(Data items)
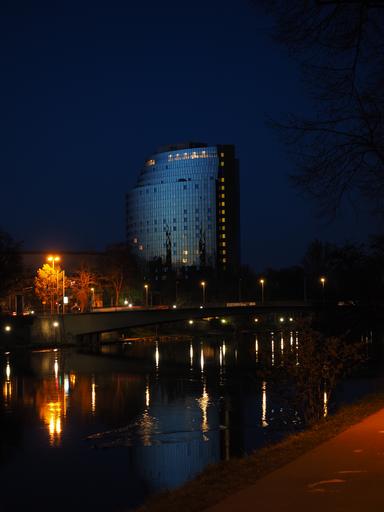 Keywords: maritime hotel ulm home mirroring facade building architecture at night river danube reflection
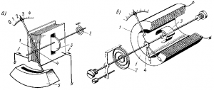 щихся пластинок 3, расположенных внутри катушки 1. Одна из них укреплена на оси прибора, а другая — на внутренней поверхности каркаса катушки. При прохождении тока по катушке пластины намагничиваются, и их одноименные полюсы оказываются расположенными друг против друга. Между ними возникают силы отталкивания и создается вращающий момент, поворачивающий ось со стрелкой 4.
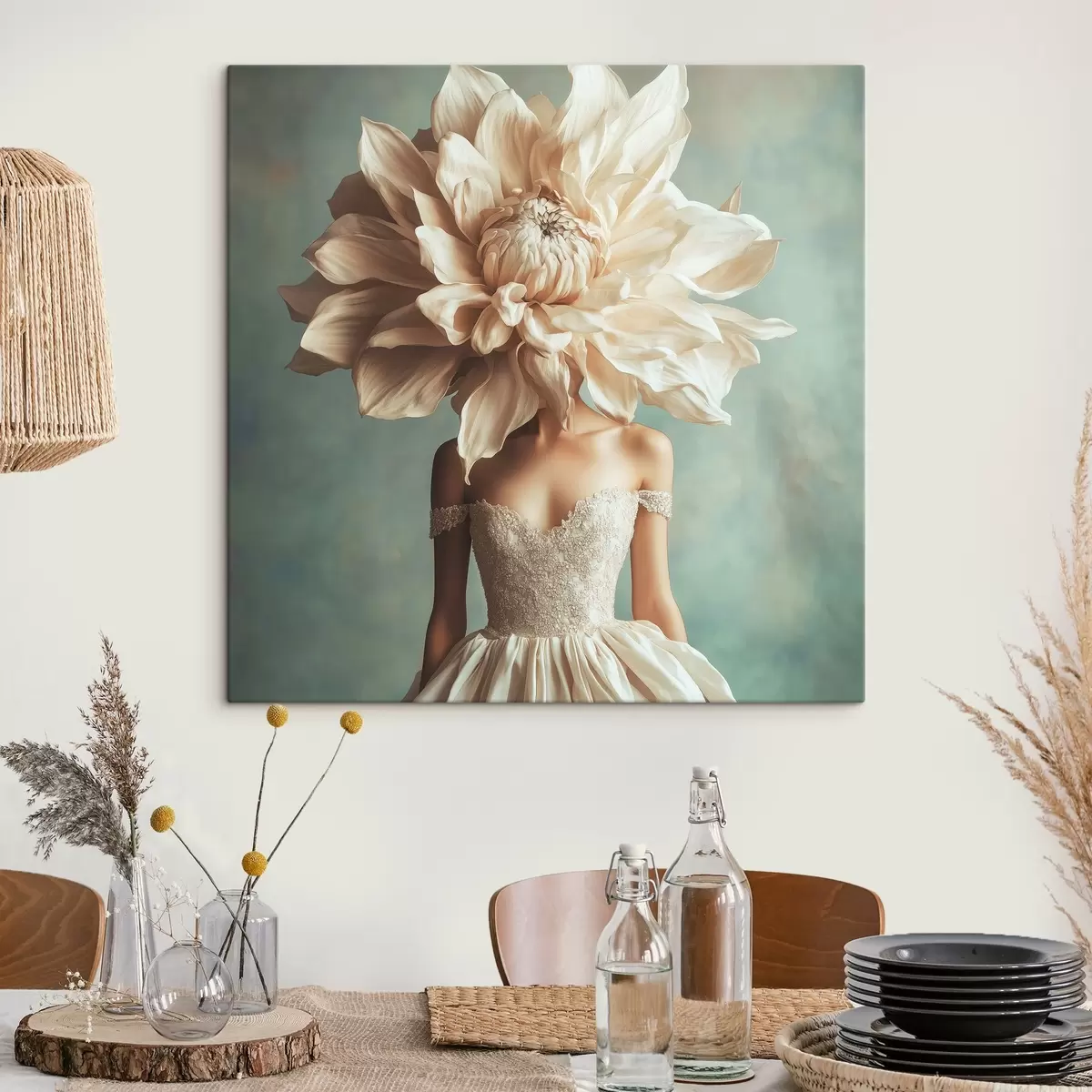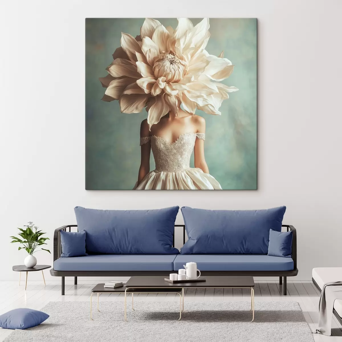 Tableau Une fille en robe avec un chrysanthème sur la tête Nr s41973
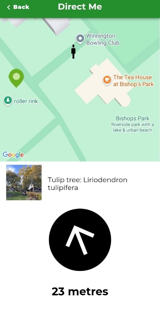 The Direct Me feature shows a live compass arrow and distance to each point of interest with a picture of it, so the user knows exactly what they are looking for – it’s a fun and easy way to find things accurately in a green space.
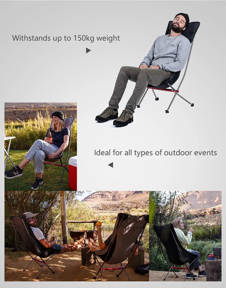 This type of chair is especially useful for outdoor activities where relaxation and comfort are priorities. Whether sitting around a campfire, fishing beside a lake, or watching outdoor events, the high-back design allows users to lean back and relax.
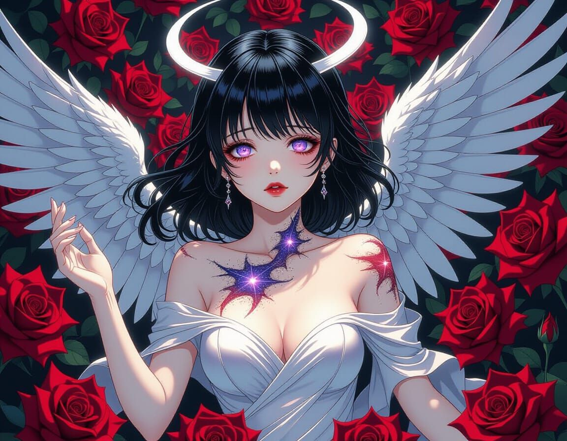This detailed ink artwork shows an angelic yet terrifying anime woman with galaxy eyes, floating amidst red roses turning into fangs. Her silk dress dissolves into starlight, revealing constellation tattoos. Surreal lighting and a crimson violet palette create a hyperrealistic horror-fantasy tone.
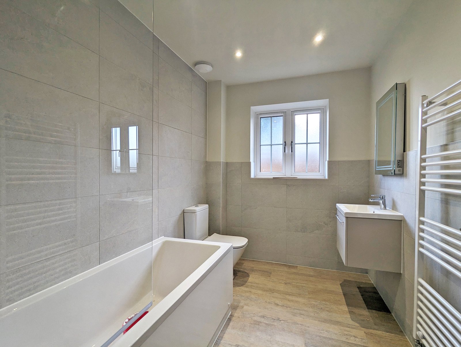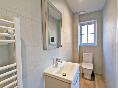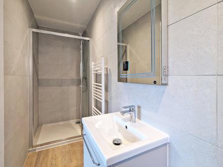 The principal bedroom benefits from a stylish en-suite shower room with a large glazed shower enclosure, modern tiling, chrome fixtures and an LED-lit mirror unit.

**How to complete this task**: Give back every record above word for word, dropping pictures.

**Answer box**:
 Keywords: maritime hotel ulm home mirroring facade building architecture at night river danube reflection
 щихся пластинок 3, расположенных внутри катушки 1. Одна из них укреплена на оси прибора, а другая — на внутренней поверхности каркаса катушки. При прохождении тока по катушке пластины намагничиваются, и их одноименные полюсы оказываются расположенными друг против друга. Между ними возникают силы отталкивания и создается вращающий момент, поворачивающий ось со стрелкой 4.
 Tableau Une fille en robe avec un chrysanthème sur la tête Nr s41973
 The Direct Me feature shows a live compass arrow and distance to each point of interest with a picture of it, so the user knows exactly what they are looking for – it’s a fun and easy way to find things accurately in a green space.
 This type of chair is especially useful for outdoor activities where relaxation and comfort are priorities. Whether sitting around a campfire, fishing beside a lake, or watching outdoor events, the high-back design allows users to lean back and relax.
This detailed ink artwork shows an angelic yet terrifying anime woman with galaxy eyes, floating amidst red roses turning into fangs. Her silk dress dissolves into starlight, revealing constellation tattoos. Surreal lighting and a crimson violet palette create a hyperrealistic horror-fantasy tone.
 The principal bedroom benefits from a stylish en-suite shower room with a large glazed shower enclosure, modern tiling, chrome fixtures and an LED-lit mirror unit.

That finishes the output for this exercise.